──────── Materials provided ────────

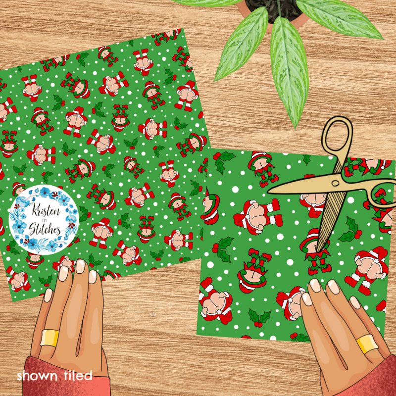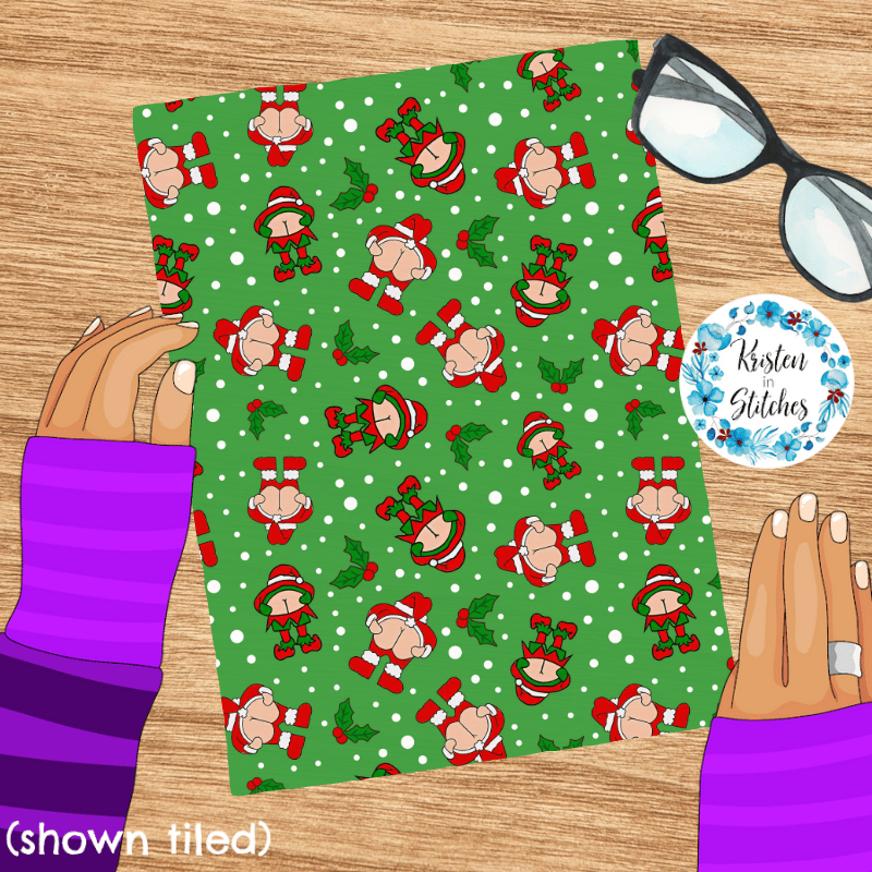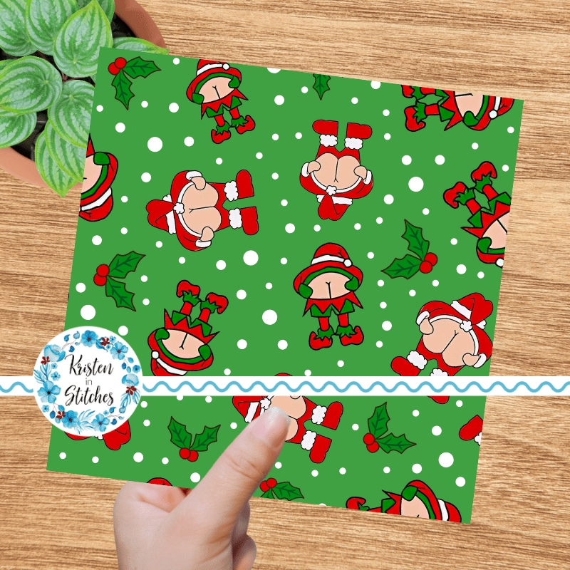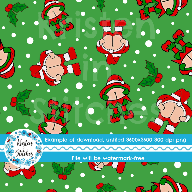 Cheeky Christmas Seamless Pattern, Kiss My Merry Ass, Santa Claus and Elves
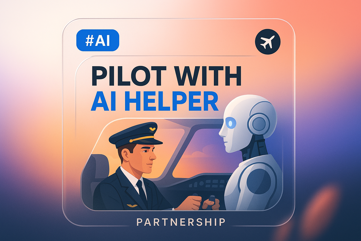A modern illustration depicting a pilot interacting with an AI assistant in a cockpit. The design features a gradient background and clear text elements emphasizing partnership.
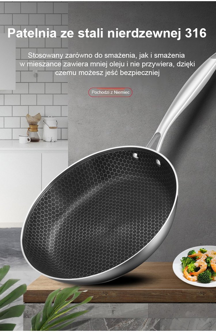Patelnia ze stali nierdzewnej o strukturze plastra miodu z nieprzywierającym dnem bez powłoki
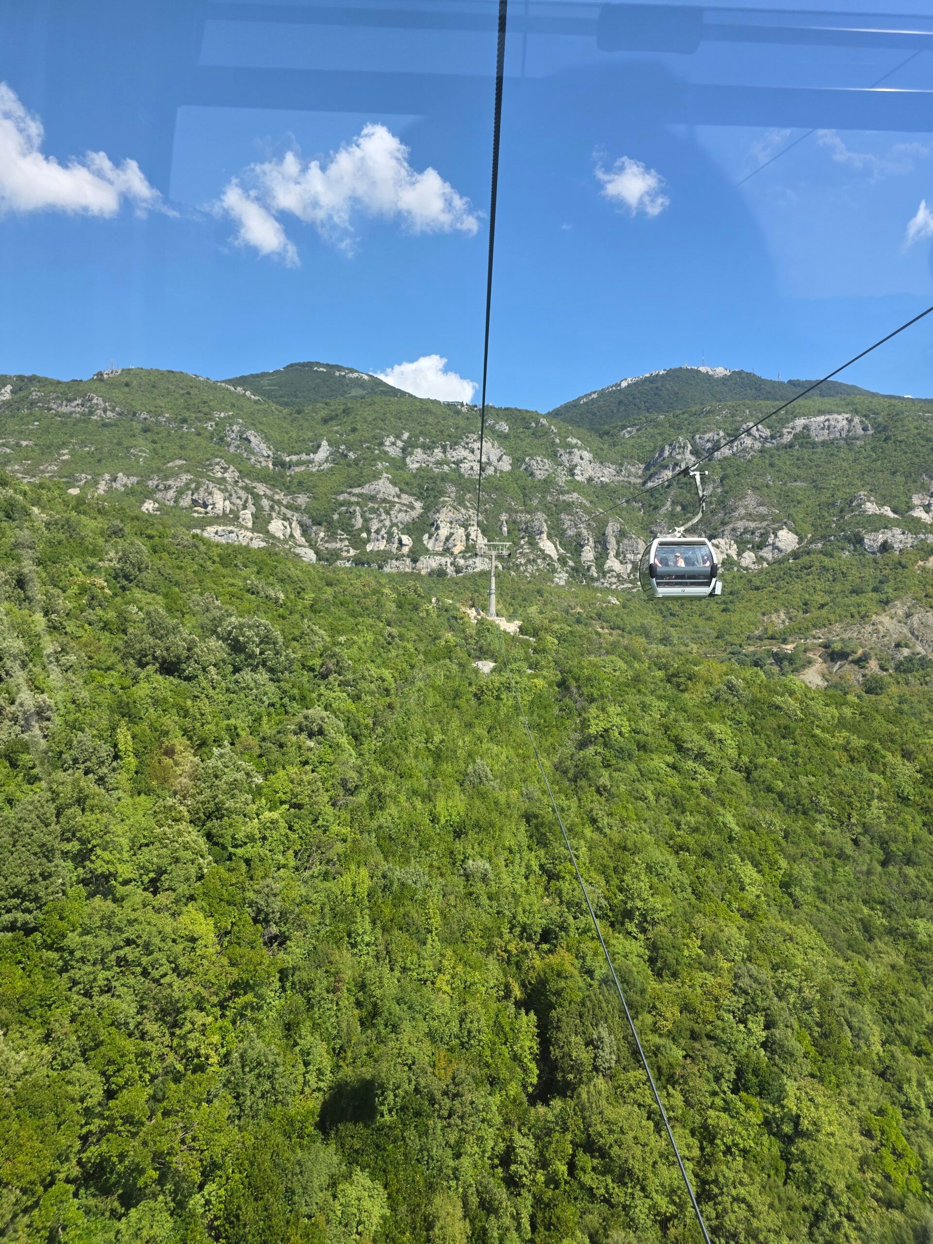Wonderfully, just a 5 minute walk from the bunker exit is the lower station of the Datji Express Cable Car. The cable car takes you on a beautifully silent 15 minute trip up the side of Mount Datji ( at 1613m / 5300 feet) where you get a majestic 180 degree view of the city below, mountain ranges to north and south as far as you can see and the Adriatic in front . Breathtakingly beautiful, refreshing and uplifting me back in to the 21st century.
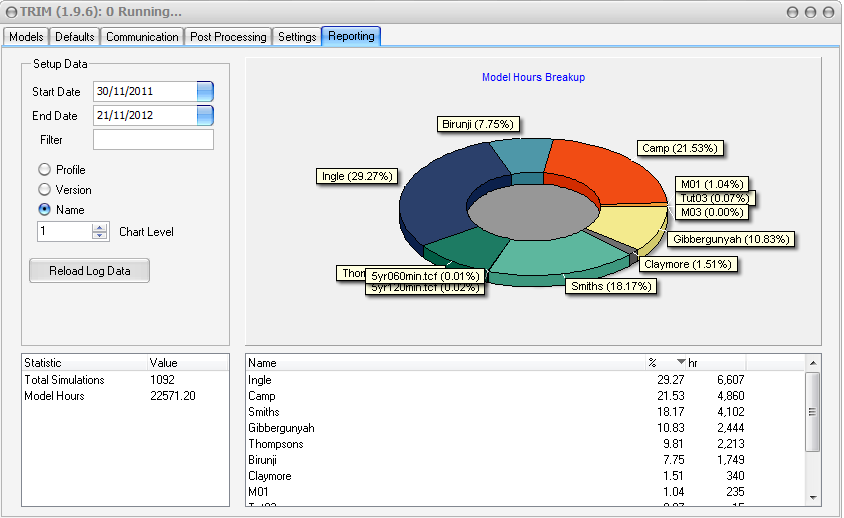 TRIM allows reporting on all simulations run via the software. Reporting can be done based on simulation name, communication profile (user) or TUFLOW version. It can also be filtered by date or text matches. Reporting is only available on simulations run after TRIM 1.9.6 was installed.
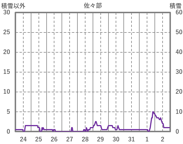 | 日 | 時 | 気温 | 降水 | 風向/風速 | 日照 | 積雪 | 降雪 |
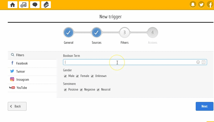 Foi adicionada uma validação para o termo booleano do Trigger. Agora passa a ser exibido um alerta caso o termo seja inválido, o que reduz a zero a possibilidade de cadastro de termos incorretos durante a criação de um novo Trigger. O seu monitoramento não será mais prejudicado por termos booleanos incorretos. Sabemos que criar termos não é uma tarefa fácil e por isso lançamos essa melhoria. O analista terá mais facilidade e segurança durante a criação de termos e terá Triggers corretos para atender sua demanda.

────────

> [Task description]: Although the records above contain pictures, the copy should not; retype exactly the lines from the one containing "Patelnia ze stali" through the one containing "日照 | 積雪 | 降雪 |".

> [Result]:
Patelnia ze stali nierdzewnej o strukturze plastra miodu z nieprzywierającym dnem bez powłoki
Wonderfully, just a 5 minute walk from the bunker exit is the lower station of the Datji Express Cable Car. The cable car takes you on a beautifully silent 15 minute trip up the side of Mount Datji ( at 1613m / 5300 feet) where you get a majestic 180 degree view of the city below, mountain ranges to north and south as far as you can see and the Adriatic in front . Breathtakingly beautiful, refreshing and uplifting me back in to the 21st century.
 TRIM allows reporting on all simulations run via the software. Reporting can be done based on simulation name, communication profile (user) or TUFLOW version. It can also be filtered by date or text matches. Reporting is only available on simulations run after TRIM 1.9.6 was installed.
 | 日 | 時 | 気温 | 降水 | 風向/風速 | 日照 | 積雪 | 降雪 |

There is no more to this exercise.